• Your assignment: Restate exactly the lines of the entries below, beginning with the first and ending with the line that holds "Confeccionado en tejido". Pictures are not copied.

Stored entries
- Opening Delimiter -
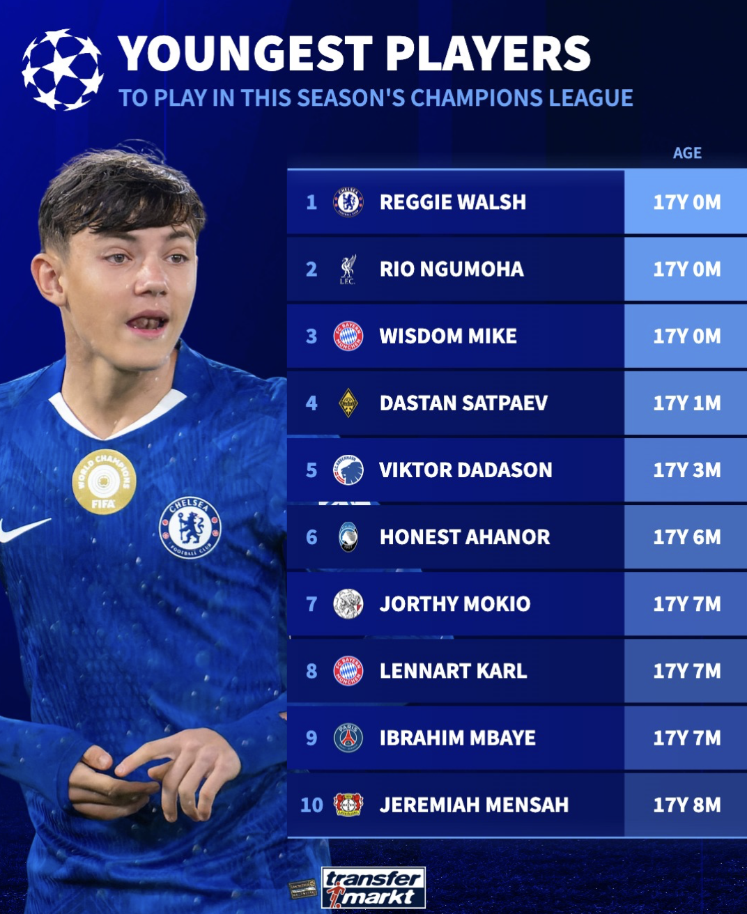 切尔西的沃尔什、利物浦的恩古莫哈和拜仁的迈克分别以17岁并列榜首。
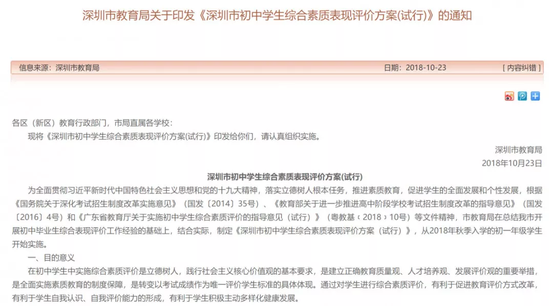 ▲深圳市教育局此前发布的《深圳市初中学生综合素质表现评价方案(试行)》
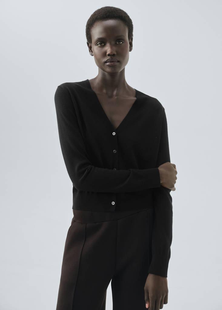Confeccionado en tejido 100% lana merino de punto fino, este diseño recto presenta cuello pico y manga larga. Tiene cierre de botones delantero. Colección Selection
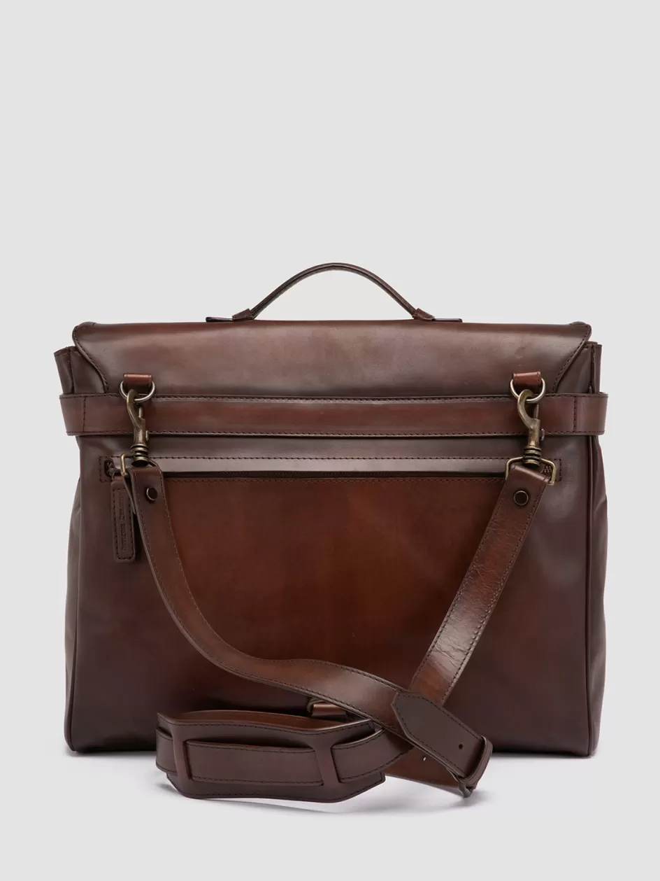 The Jerome 003 briefcase merges timeless flair with functional design. Handmade in Italy in brown leather, it features a top handle, a secure front clasp and a structured storage space, perfect for the discerning professional.
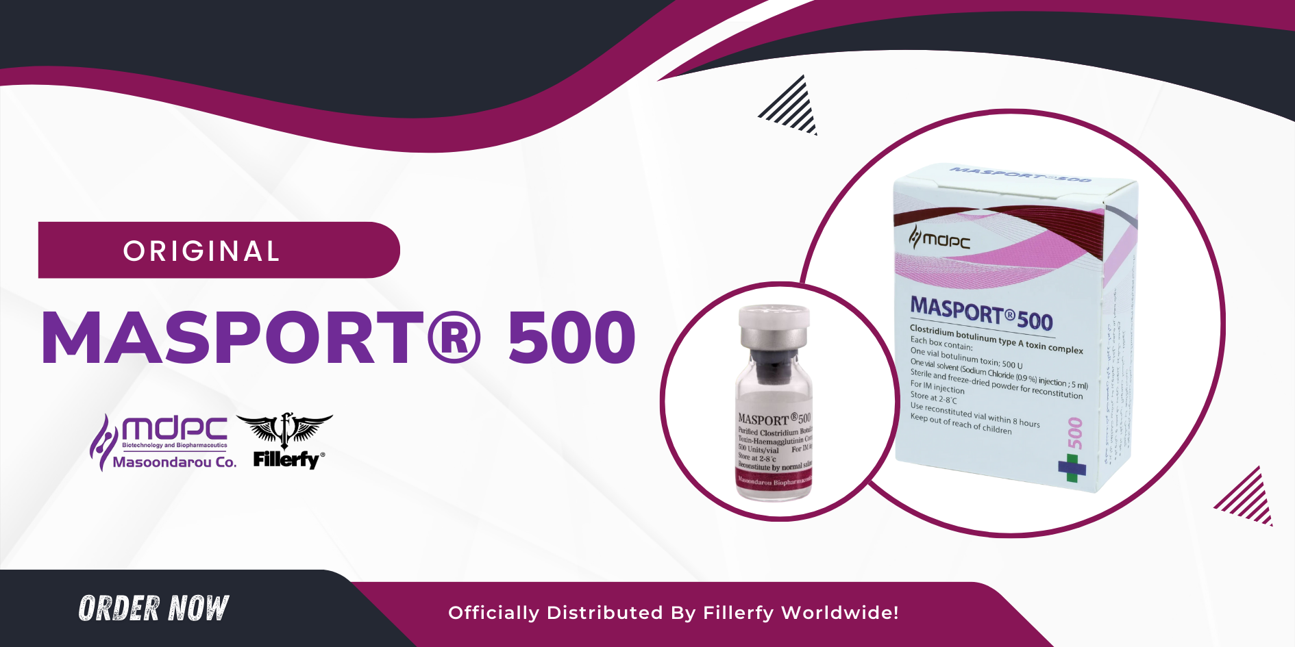 MASPORT®500 by Fillerfy®is a premium injectable formulation containing 500 Units of highly purifiedClostridium Botulinum Type A toxin (BTNA). Packaged in a sterile, lyophilized vial along with a dedicated solvent, MASPORT®500 is manufactured using cutting-edge technology in full compliance withcurrent Good Manufacturing Practices (cGMP), ensuring the highest standards of safety, quality, and consistency.
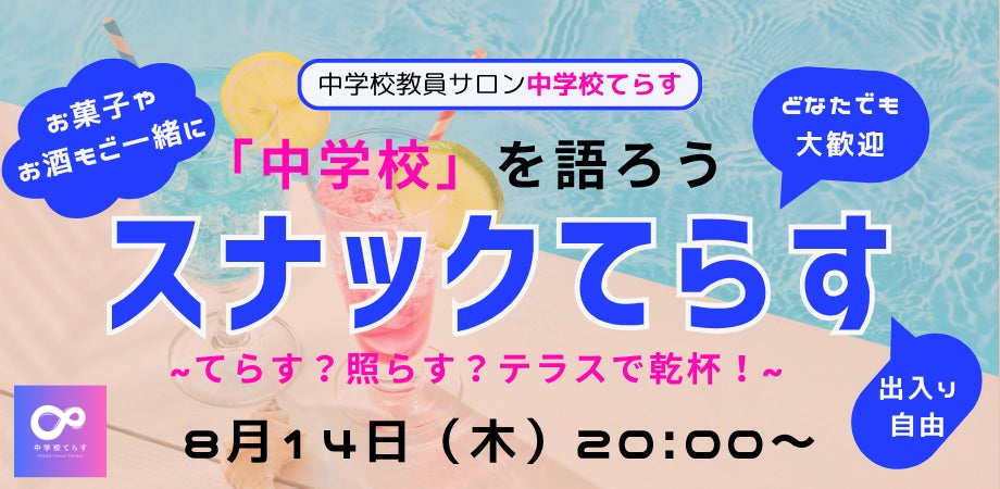 【8月14日(木)緊急開催 】中学校を語ろう~スナックてらす~ てらす?照らす?テラスで乾杯!
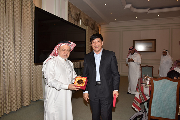 李根生向Khaled S. Al-Sultan赠送学校纪念品
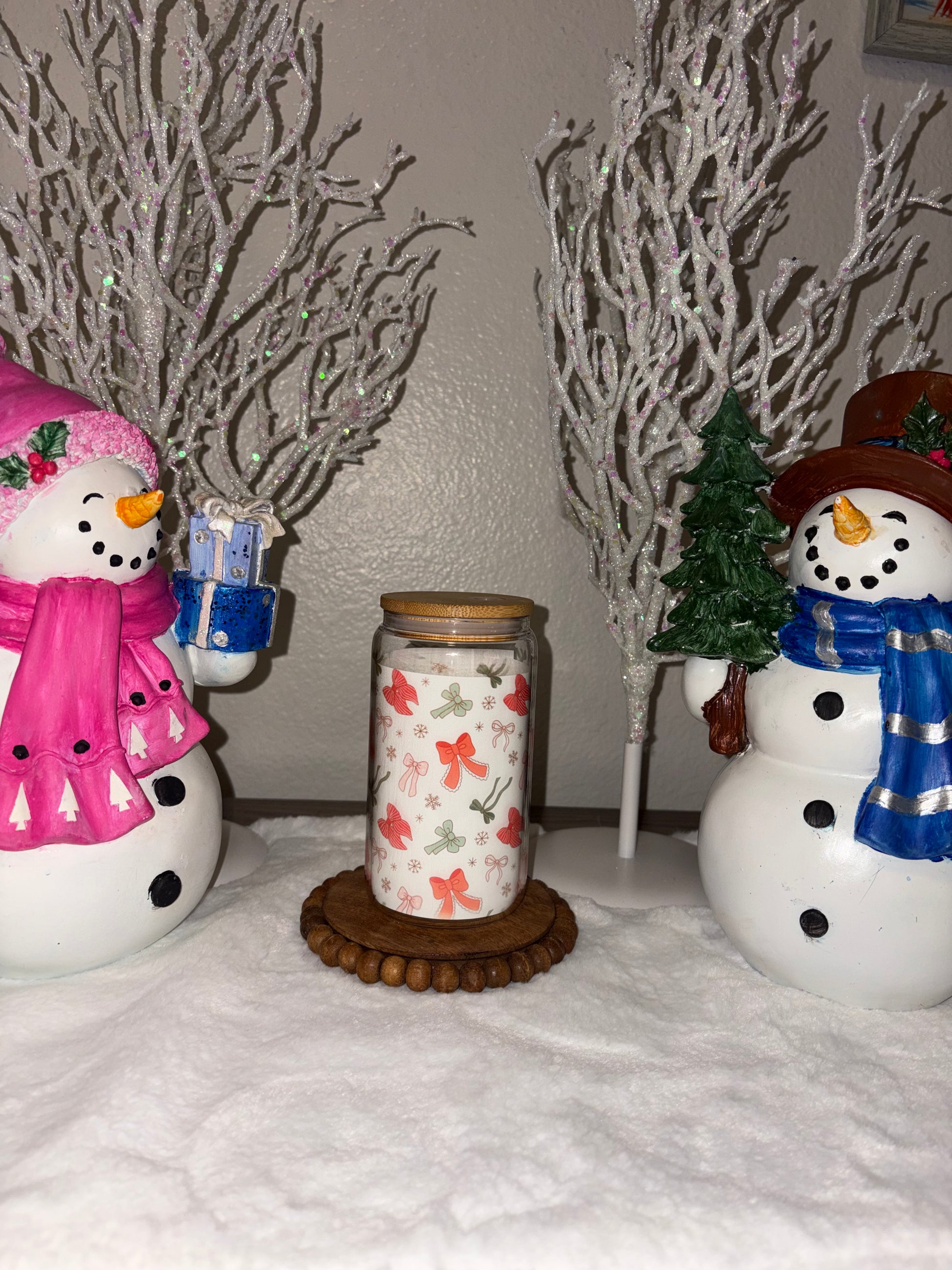 Add a touch of soft holiday charm to your drinks with our Christmas Bows 12oz glass cup. Featuring a delicate pattern of red, green, and neutral holiday bows, this cup brings a cute, classic Christmas look to every sip.
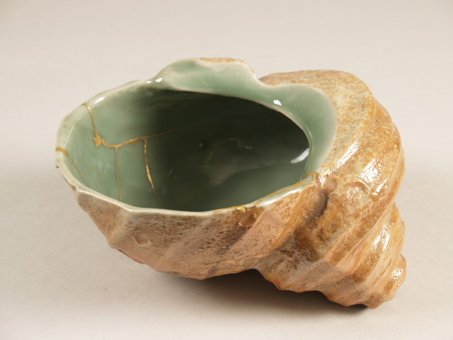 Beeld in de vorm van een schelp, aan de binnenzijde celadonkleurig (Nederlands)
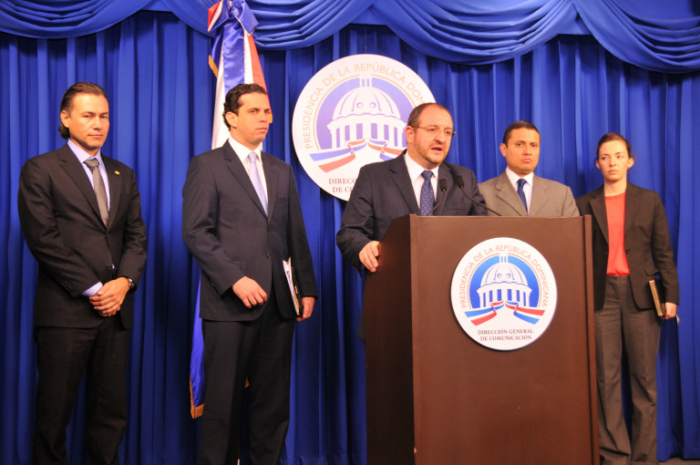 El ministro de Relaciones Exteriores de la República de Guatemala, Luis Fernando Carrera, habla junto a su comitiva, en el salón Orlando Martínez del Palacio Nacional, ante los periodistas, después de reunirse con el presidente Danilo Medina, en el despacho del mandatario dominicano. Foto: presidencia República Dominicana Nota de prensa: presidencia.gob.do/noticias/presidente-medina-recibe-en-s...
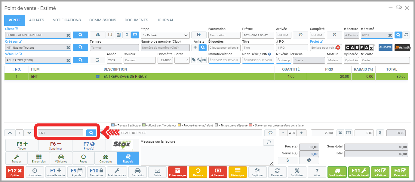 - À partir du Point de Vente, entrez le code de produit ENT. Il s'agit du code de produit configuré par défaut pour l'entreposage de pneus. Appuyez ensuite sur la touche ENTER.
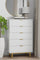 Features metal ball-bearing drawer glides which facilitate the smooth opening and closing of the drawers
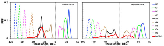 Probability density function (PDF) of the phase angle during 25 June to 10 July and 13–28 September periods over Amazonian rainforests (0° to 10°S and 60°W to 70°W) for Terra MODIS and MISR Sun-sensor geometries derived from MODIS and MISR data for the period from June 2000 to May 2008. MISR views the Earth’s surface symmetrically about the nadir in the forward and backward directions along the spacecraft’s flight track with nominal view zenith angles relative to the surface reference ellipsoid of 0.0° (camera An), (Af and Aa), (Bf and Ba), (Cf and Ca) and (Df and Da). MODIS is a single view sensor that scans the Earth’s surface across the spacecraft flight track.
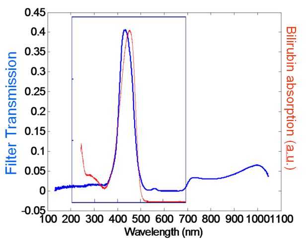Filtros-los filtros de cristal azul de iluminación asociados Pegasus fueron seleccionados debido a su espectro de transmisión coincide estrechamente con el espectro de absorción de la bilirrubina. Dos se utilizaron para disminuir aún más transmisión de luz no-terapéuticos. Además, 34mm redondo filtros encaja muy bien con la célula solar seleccionada. Sería posible comprar cristal azul a granel de una compañía de suministros de arte y cortar las piezas necesarias para su uso, aunque el espectro de transmisión del vidrio se debe medir primero. El diagrama muestra el espectro de transmisión de la configuración de doble filtro con el espectro de absorción de bilirrubina overlaid.
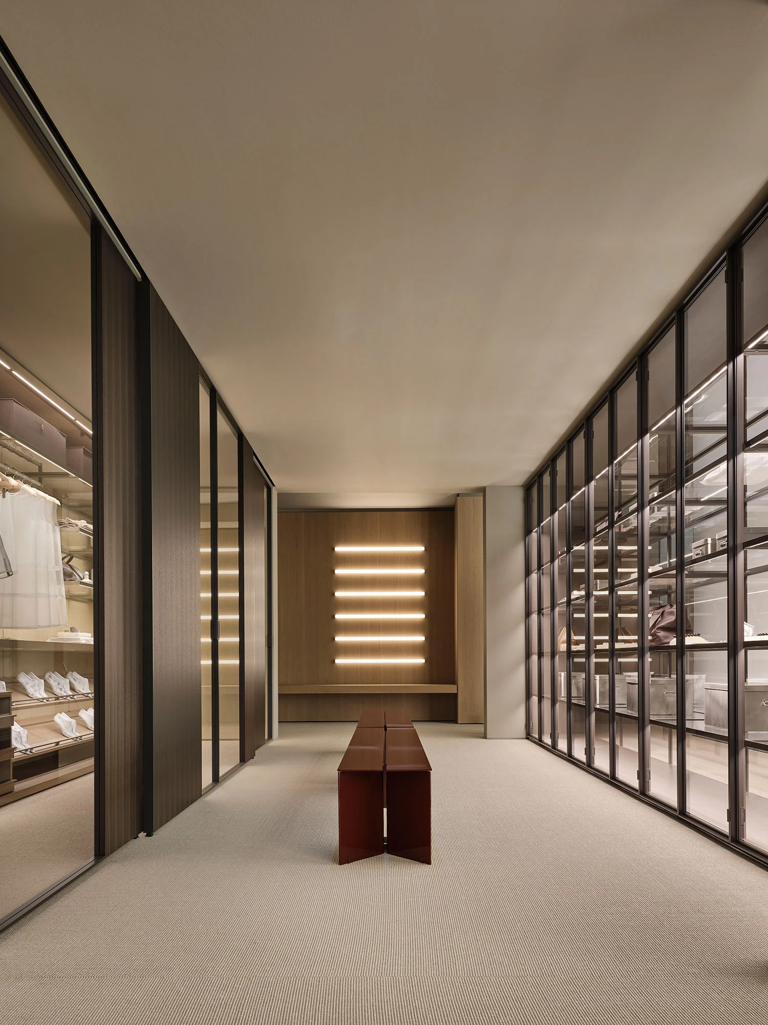 La grande Dressing Room Storage, design Piero Lissoni + CRS Porro, contenuta tra partizioni Layer a specchio o rivestite nel nuovo legno tide wood, è accessibile attraverso partizioni scorrevoli Glide Miru, con telaio moka e cristallo trasparente.
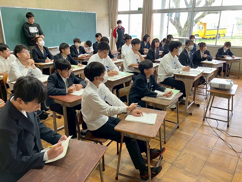 2年生総合学習フィールドワーク 学校生活の様子(日誌) 2025.11.14 2年生では、「ふるさとのよさを再発見する~未来へ語り継ぐまちのよさ~」というテーマで総合的な学習を進めています。本日は学びをさらに深めるべく、実際に利活用されている廃校施設へのフィールドワークを行いました。 どうすれば多くの人に施設を利用してもらえるか、日々試行錯誤されているお話を、生徒たちも真剣に聞き入っていました。 施設見学、お話を聞かせていただきました、610BASE様、S-LAB様ありがとうございました。
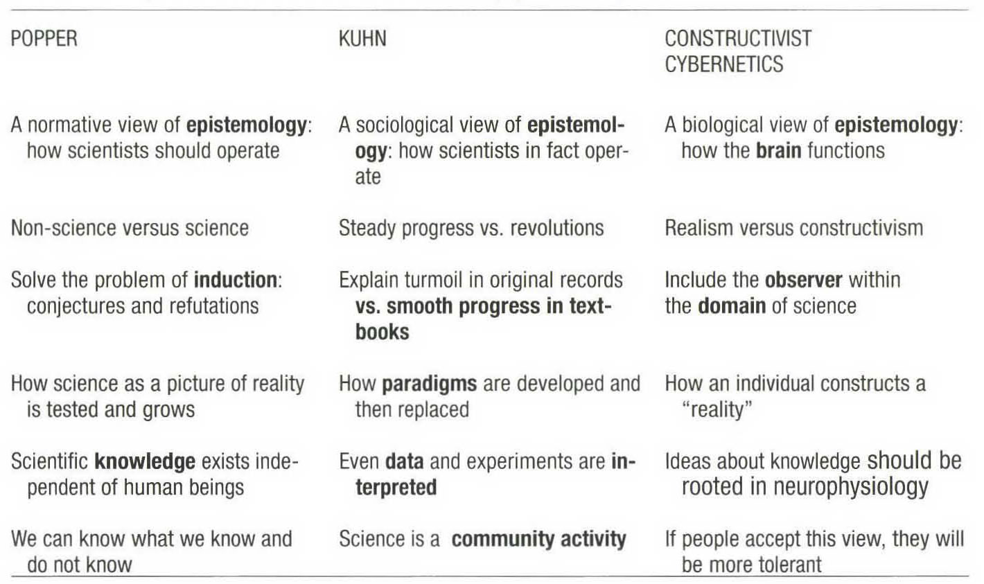 Stuart UMPLEBY elaborated the following comparative table between three quite different contemporaneous approaches (1990, p.116):
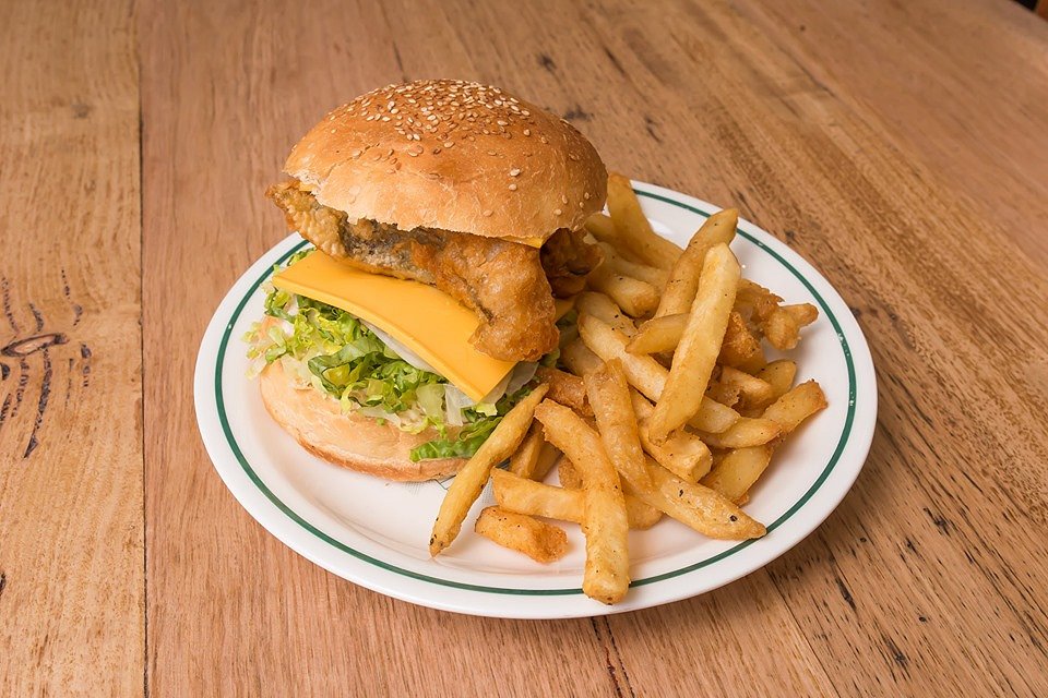 Fish Burger with American Cheddar, Lettuce, Pickled Fennel, Tartare and Fries
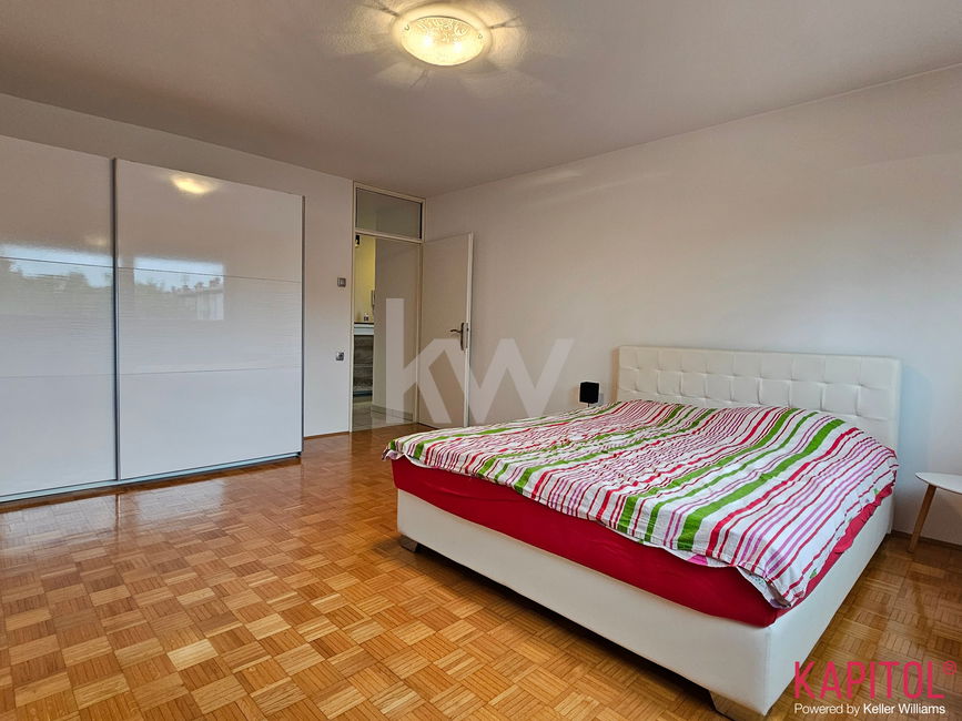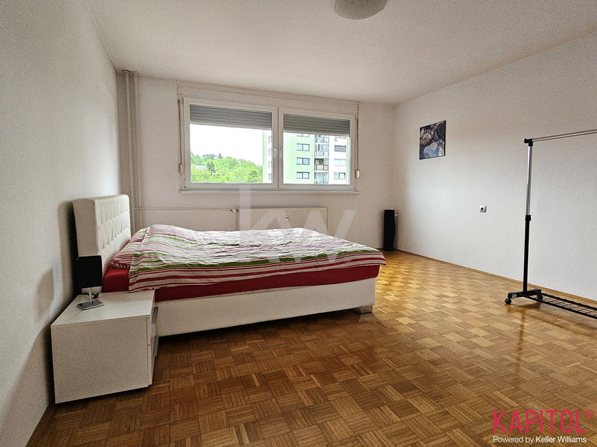 Stanovanje obsega prostorno dnevno sobo, dve ločeni spalnici, kuhinjo z jedilnim kotom, kopalnico in WC. Poseben čar mu daje velika pokrita loža s panoramsko steno iz dnevnega prostora, idealno za jutranjo kavico ali sprostitev po delu. Poleg tega ima stanovanje še pripadajočo klet, kar zagotavlja dodatne shranjevalne površine.
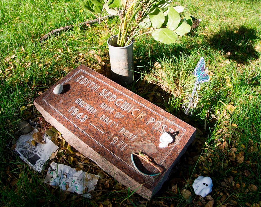 Sa tombe se trouve dans le petit cimetière d'Oak Hill en Californie. Sur la pierre tombale se trouve la modeste inscription : "Edith Sedgwick Post - Wife of Michael Brett Post, 1943-1971".
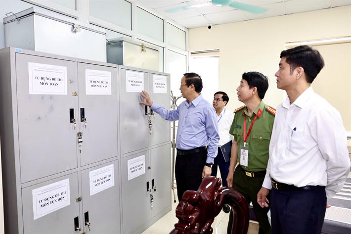 Thứ trưởng Thường trực Phạm Ngọc Thưởng kiểm tra tủ chứa đề thi
- Closing Delimiter -
• Exercise response:
 切尔西的沃尔什、利物浦的恩古莫哈和拜仁的迈克分别以17岁并列榜首。
 ▲深圳市教育局此前发布的《深圳市初中学生综合素质表现评价方案(试行)》
Confeccionado en tejido 100% lana merino de punto fino, este diseño recto presenta cuello pico y manga larga. Tiene cierre de botones delantero. Colección Selection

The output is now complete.